Catholic Answers ^ | December 30, 2014 | Christopher Check

Posted on 01/02/2015 3:46:20 AM PST by NYer

New Year’s Day promises two certainties: college football bowl games and Christmas trees on the curb. To Catholics, of course, January 1 is the Solemnity of Mary, Mother of God. It's a Holy Day of Obligation, and the final day of the Octave of Christmas.

The Church, however, is so generous with joy. She does not end our celebration of the Incarnation with the conclusion of the Octave of Christmas. She extends it to Epiphany. Twelfth Night, as our English-speaking brethren call it, is an event Catholics in America should celebrate with more enthusiasm (think: roaring bonfires, grilled meat, lots of singing, red wine, brown ale) and might very well do if it were observed here on the Liturgical Calendar on January 6 as it is England, Australia, and Canada, to say nothing of Vatican City.

But the celebrating doesn’t stop there! After Epiphany, the revelry continues until the Baptism of the Lord, the first Sunday after January 6 (usually).
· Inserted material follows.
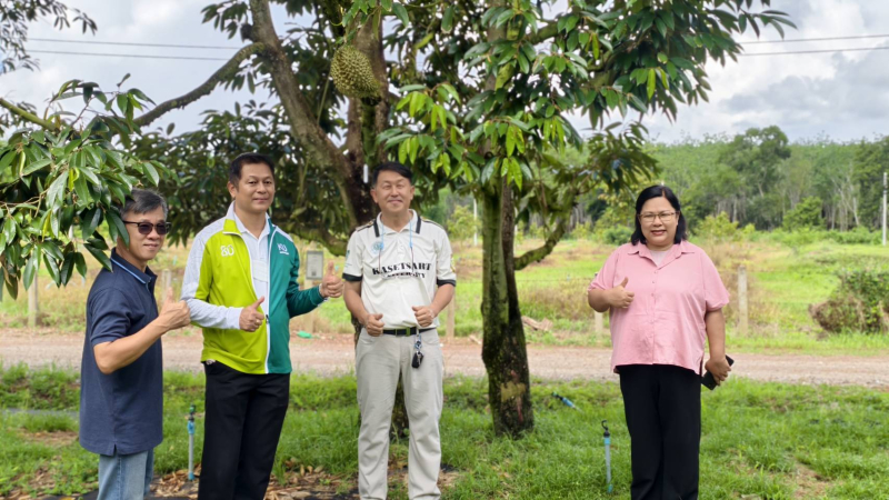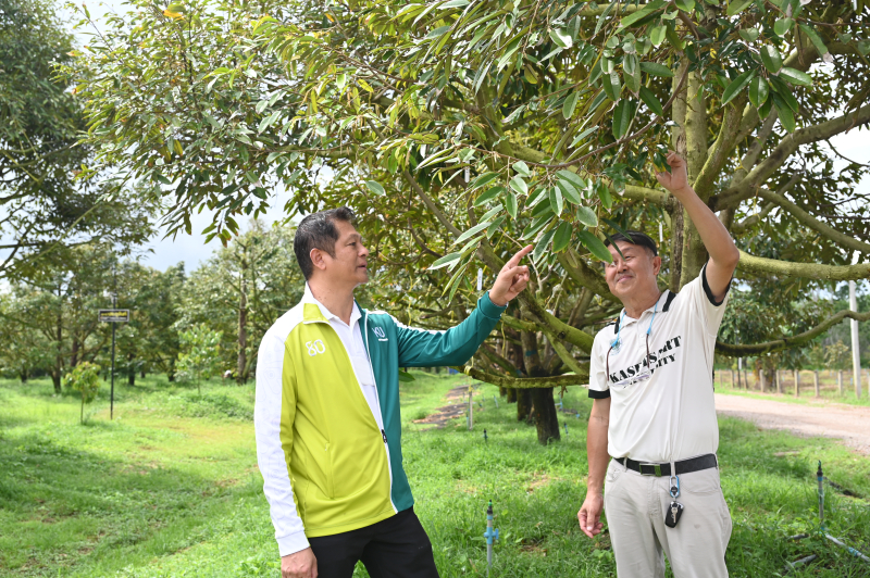 วันที่ 14 พฤษภาคม 2568 เวลา คณบดีคณะเกษตร กำแพงแสน ผู้ช่วยศาสตราจารย์ ดร.ชัยสิทธิ์ ทองจู ได้นำบุคลากรสำนักงานเลขานุการคณะเกษตร กำแพงแสน เข้าศึกษาดูงานกิจการของ “สวนประตูจันท์” โดยมีท่านนายกสมาคมนิสิตเก่าคณะเกษตร กำแพงแสน นายมนตรี ตั้งไมตรีจิตต์ เป็นผู้นำชมกิจกรรม ทั้งนี้คณะเกษตร กำแพงแสน ได้ตั้งเป้าหมายเป็นศูนย์รวมการจัดการความรู้ไม้ผลในสภาพอากาศเปลี่ยนแปลงโดยใช้ทุเรียนเป็นกรณีศึกษา ในการนี้ ได้เข้าพื้นที่แหล่งรวบรวมพันธุ์ทุเรียน ที่นำมาพัฒนาเป็น “ทุเรียนพันธุ์กำแพงแสน” ในปัจจุบัน ซึ่งได้ปลูกแล้วเมื่อวันที่ 1 มิถุนายน 2567 ณ แปลงปลูกทุเรียน มหาวิทยาลัยเกษตรศาสตร์ วิทยาเขตกำแพงแสน
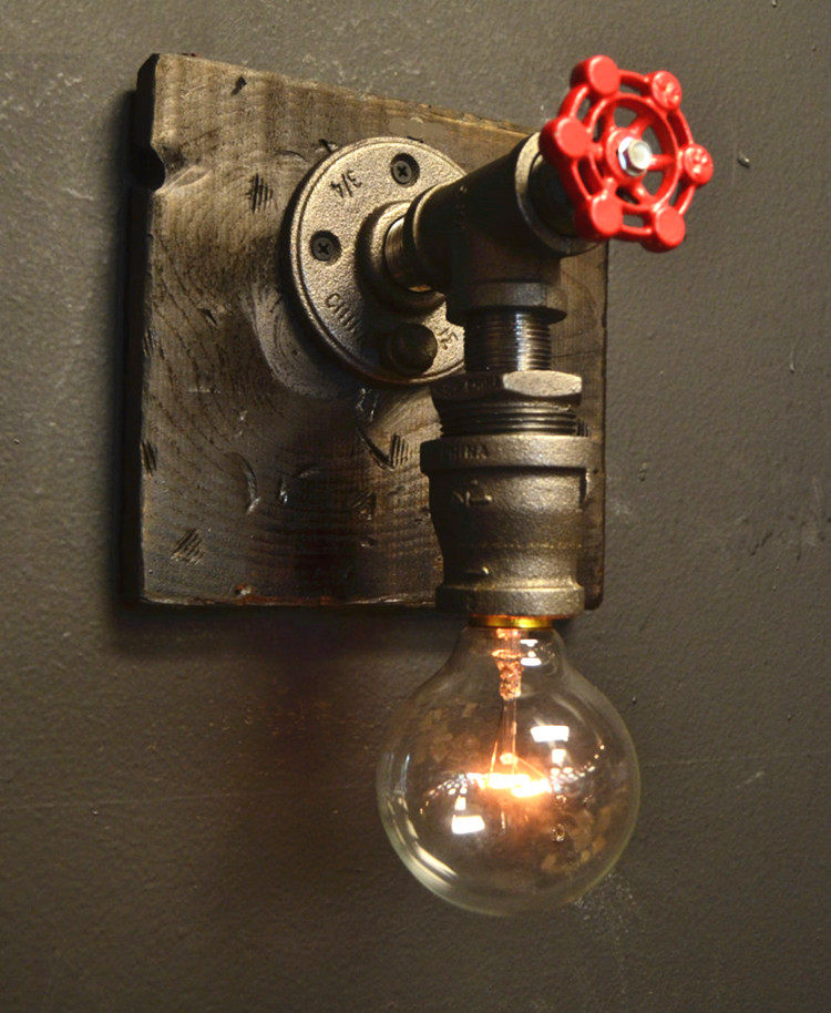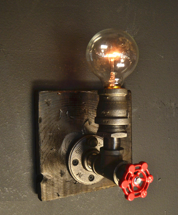 Industrial Retro Style Steam Valve Switch Water Pipe Iron Cage Light Retro Edison Wall Light

This year, Catholics may very well wish to keep their decorations up through January 11. And if you want to be really traditional, you can celebrate what the faithful called “Christmastide” before the liturgical reforms that followed the Second Vatican Council. In the old rite, or what we today call the Extraordinary Form, Christmastide lasted for 40 days to correspond with the 40 days of Lent, and the 40 days from Easter to Ascension Thursday.  

A 40-day party? Gloria in Excelsis! (And people say Trad Cats are a dour bunch.)

Christmastide ended on February 2, the Purification of the Blessed Virgin Mary, also called Candlemas Day. On this day, the faithful take candles that they will use throughout the year in their homes to Mass to have them blessed.

Here is how the brilliant Benedictine Abbot Dom Prosper Guéranger helps us understand the totality of the mystery of Christmastide:

We apply the name of Christmas to the 40 days, which begin with the Nativity of Our Lord, December 25, and end with the Purification of the Blessed Virgin Mary, February 2. It is a period, which forms a distinct portion of the Liturgical Year, as distinct, by its own special spirit, from every other, as are Advent, Lent, Easter or Pentecost. One same Mystery is celebrated and kept in view the whole 40 days. Neither the Feasts of the Saints, which so abound during this Season; nor the time of Septuagesima, with its mournful Purple, which often begins before Christmastide is over, seem able to distract our Holy Mother the Church from the immense joy with which She received the glad tidings from the Angels (Luke 2:10) on that glorious Night for which the world had been longing for 4000 years. The custom of celebrating the Solemnity of Our Savior's Nativity by a Feast of 40 days' duration is founded on the Holy Gospel itself; for it tells us that the Blessed Virgin Mary, after spending 40 days in the contemplation of the Divine Fruit of Her glorious Maternity, went to the Temple, there to fulfill, in most perfect humility, the ceremonies which the Law demanded of the daughters of Israel when they became mothers. The Feast of Mary's Purification is, therefore, part of that of Jesus' Birth; and the custom of keeping this holy and glorious period of 40 days as one continued Festival has every appearance of being a very ancient one, at least in the Roman Church.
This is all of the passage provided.